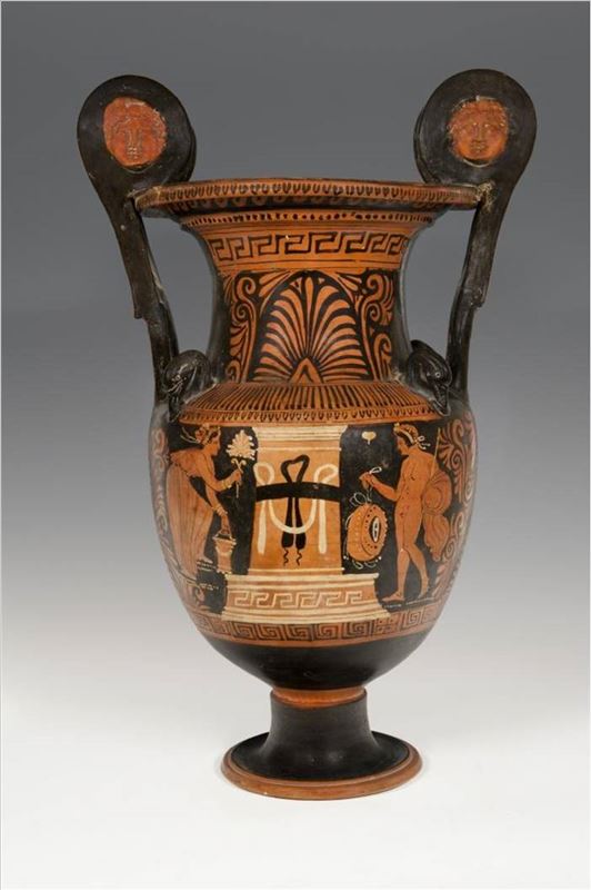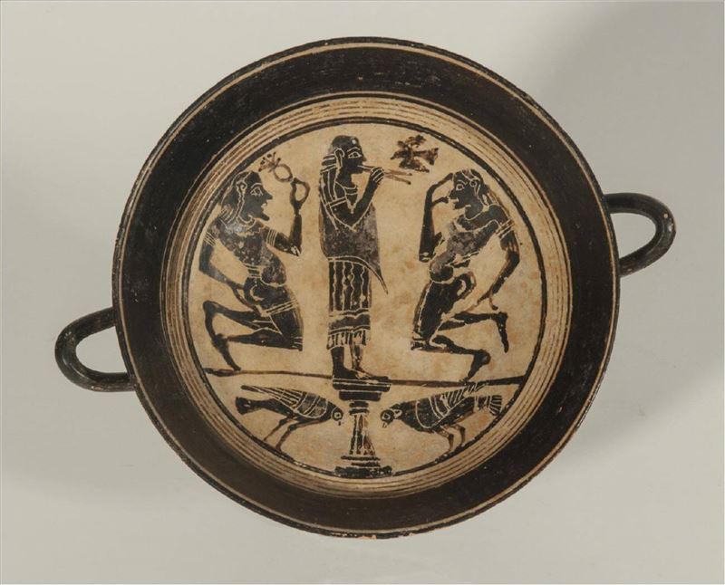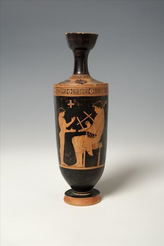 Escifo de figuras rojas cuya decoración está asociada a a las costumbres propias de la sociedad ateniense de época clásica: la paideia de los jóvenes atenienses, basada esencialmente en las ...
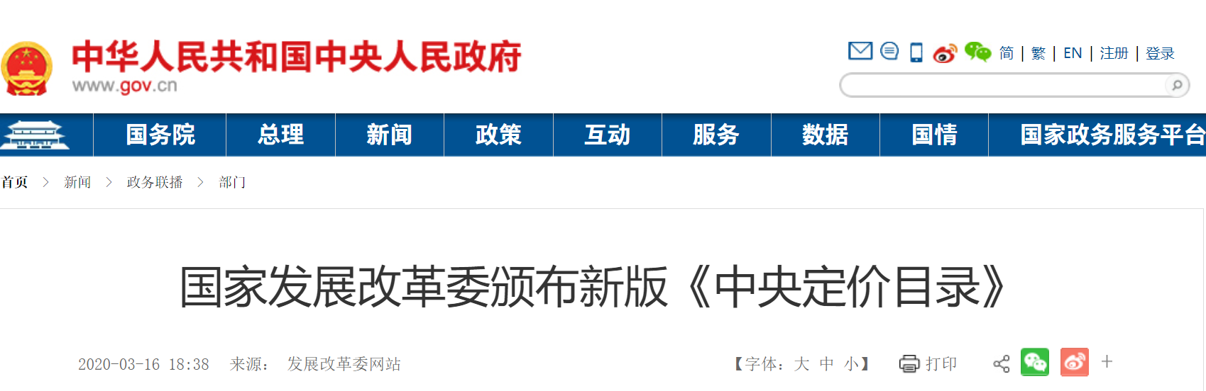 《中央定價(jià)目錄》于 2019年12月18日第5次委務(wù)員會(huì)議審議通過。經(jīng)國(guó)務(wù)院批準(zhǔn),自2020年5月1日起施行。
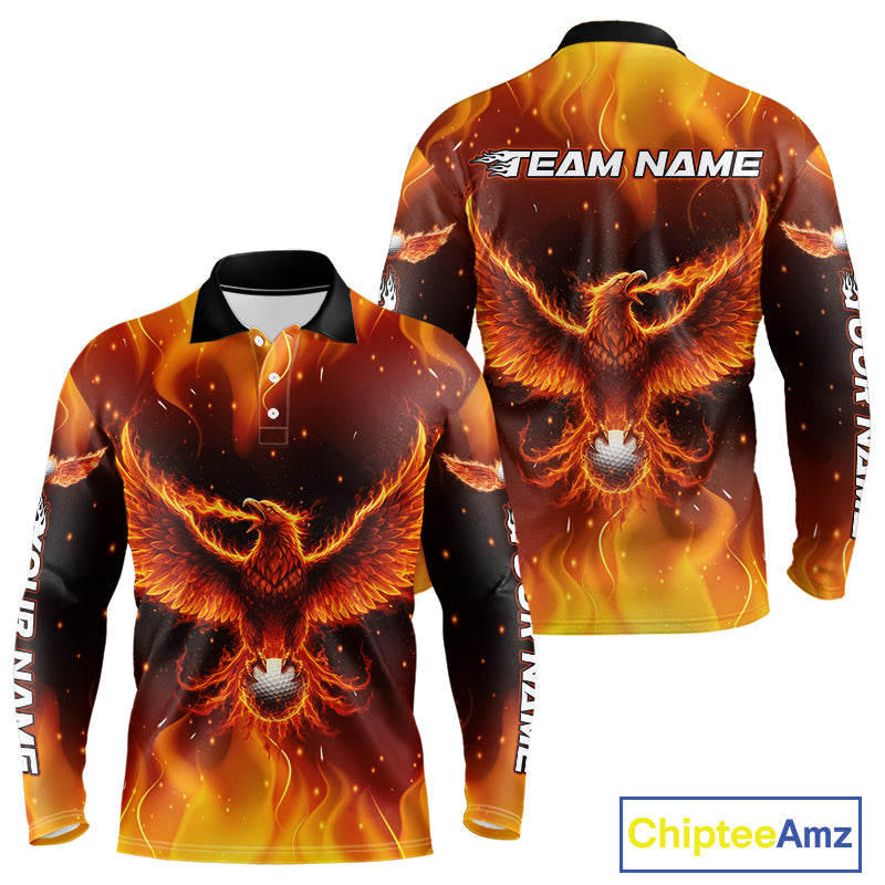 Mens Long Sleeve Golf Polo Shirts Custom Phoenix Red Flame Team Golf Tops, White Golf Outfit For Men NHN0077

▸ What to do
Line for line, restate the data above and omit every picture.

▸ Written response
 Escifo de figuras rojas cuya decoración está asociada a a las costumbres propias de la sociedad ateniense de época clásica: la paideia de los jóvenes atenienses, basada esencialmente en las ...
 《中央定價(jià)目錄》于 2019年12月18日第5次委務(wù)員會(huì)議審議通過。經(jīng)國(guó)務(wù)院批準(zhǔn),自2020年5月1日起施行。
 Mens Long Sleeve Golf Polo Shirts Custom Phoenix Red Flame Team Golf Tops, White Golf Outfit For Men NHN0077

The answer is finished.